A lot of Go players are interested in computer Go.

And, especially after the recent Man vs Machine match between John Tromp and Zen19, many people have questions about it.

I had questions too and I also didn’t know how to answer some of the questions that readers were asking at Go Game Guru.

I’m certainly no expert on computer Go, but I talked to someone who is: Martin Müller from the University of Alberta in Canada. Here’s what Martin had to say…

An interview with Martin Müller

David Ormerod: To start with please tell us a bit about yourself and your research interests.
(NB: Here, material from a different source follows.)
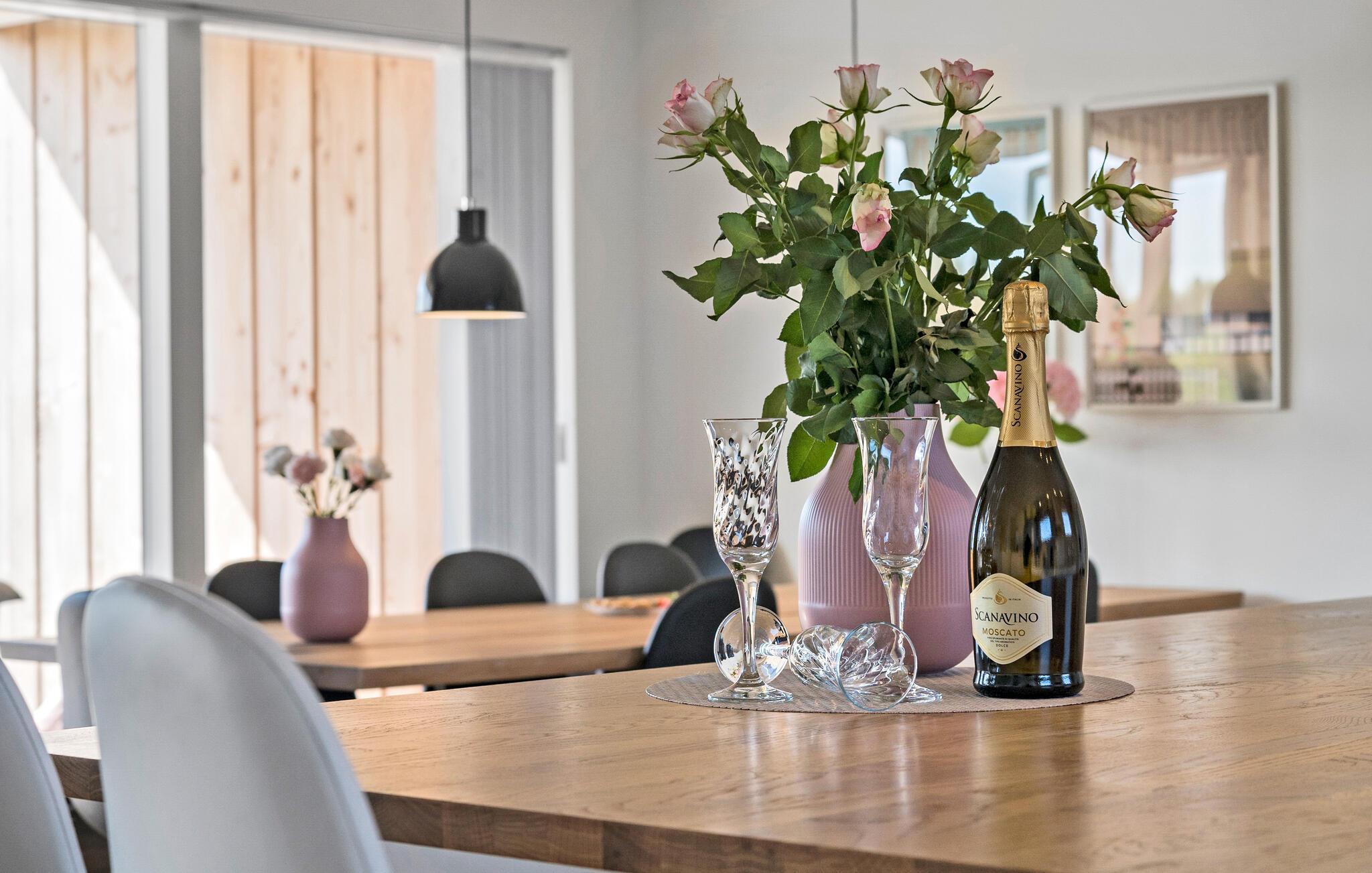 Forkæl jer selv med en afslappende pause fra hverdagen sammen med familien eller venner i dette moderne og venlige hus. Gennem gulv-til-loft vinduerne strømmer dagslyset ind i huset og skaber en hjemlig atmosfære sammen med de smukke møbler. Den dejlige brændeovn er prikken over i’et. Brug det åbne opholdsrum med det rummelige og meget veludstyrede køkken samt spise- og opholdsområdet med fjordudsigt til at slappe af og til hyggeligt samvær.

How did you learn of Go and how did you become involved in computer Go?

martin mueller computer go picture

Martin Müller, computer Go expert.

Martin Müller: I am a professor in the Department of Computing Science at the University of Alberta in Edmonton, Canada.
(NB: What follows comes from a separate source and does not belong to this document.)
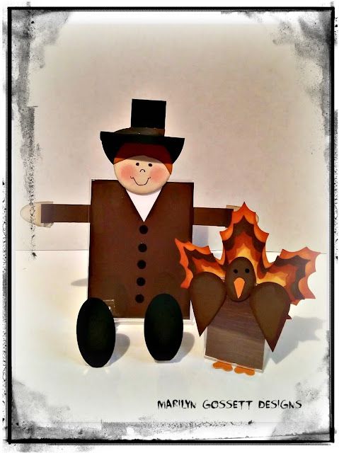 Look below for some more ideas using the mini sign holders and sign danglers. You can do a lot with basic shapes: squares, circles, rectangles, teardrops, etc. The turkey tail feathers are die-cut maple leaves.

My research interests are in heuristic search, studying how to solve large, complex problems using computer searches.

The main application areas studied in my research group are games such as Go, and automated planning.

In recent years, Monte Carlo search methods have been our main focus – both for games and for planning. As part of my game-related activities, I am the leader of the team developing the open source software Fuego, which was the first program to defeat a top professional in an even game on 9×9.
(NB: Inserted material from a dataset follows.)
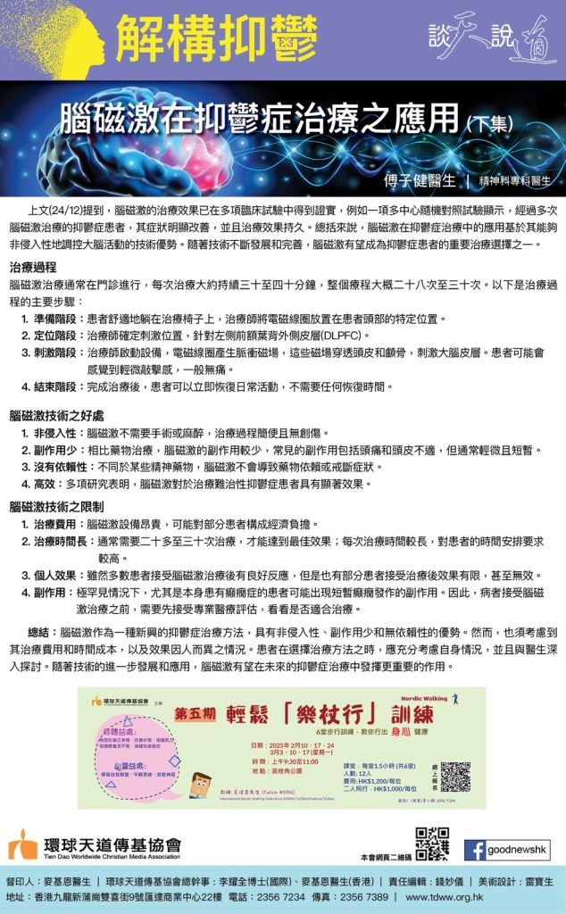 上文(24/12)提到,腦磁激的治療效果已在多項臨床試驗中得到證實,例如一項多中心隨機對照試驗顯示,經過多次腦磁激治療的抑鬱症患者,其症狀明顯改善,並且治療效果持久。總括來說,腦磁激在抑鬱症治療中的應用基於其能夠非侵入性地調控大腦活動的技術優勢。隨著技術不斷發展和完善,腦磁激有望成為抑鬱症患者的重要治療選擇之一。

I learned Go when I was 15 years old and played a lot in my teens and early twenties. I am a 5, 6 or 7 Dan amateur player, depending on the country. My biggest success was probably taking 2nd place at the US Go congress open tournament in 1998.

I became interested in computer Go as an undergraduate in my home country of Austria, through my supervisor. This was around 1985. I have stayed with the topic ever since, doing a Diploma thesis, a PhD and a few postdocs, before getting my current job.

What’s Monte Carlo?

Most people with any interest at all in computer Go know that the strongest programs these days use a ‘Monte Carlo’ algorithm, but many people don’t know much more about it than that.

Could you briefly explain where the term Monte Carlo came from and what it means in this context?

The term Monte Carlo refers to an affluent suburb of Monaco which is famous for its Casino. Monte Carlo methods use statistics collected from randomized simulations as a way to analyze complex systems which are too hard to ‘solve’ by other means.

They were first developed for nuclear physics and atomic bomb research in the 1940s. Nowadays they are very widely used, but their application to games such as Go took off just a few years ago.

Now that computers are powerful enough, Monte Carlo methods are used across a wide variety of disciplines.

For example, I’ve used them at work to help with risk analysis. It’s often difficult to explain to people why this approach works though, because it seems so counterintuitive at first.

Do you have a good analogy to explain how a large enough number of random simulations can provide a useful answer to a question?

Statistical sampling, which is at the core of Monte Carlo methods, is a very powerful technique.

For example, think about opinion polls. Any single random person who you ask about their opinion may be completely crazy, but if you ask one thousand people, who are carefully selected to represent the overall population, then you get quite a good idea of the general mood and can use that to make informed decisions.

This is why we keep getting more and more of those pesky phone calls doing surveys at dinner time!

How computer Go programs improved

It’s been more than five years since UCT (an extension of Monte Carlo search) was first applied to Go, but the strongest programs were still at the kyu level not that long ago (at least on 19×19 boards).

In contrast, the strongest programs these days are dan level and they seem relatively sharp, even in tactical situations.

To what extent do they make use of heuristics for shape, tesuji, life and death, the opening and so on?

Many programs use learned local patterns such as 3×3 for simple shape, and they modify the playouts to avoid some bad tactical moves.

Also, when there is a single important fight going on, the full board search will be able to analyze it quite deeply, and do well in the tactics. The problems start when there are several fights going on at the same time.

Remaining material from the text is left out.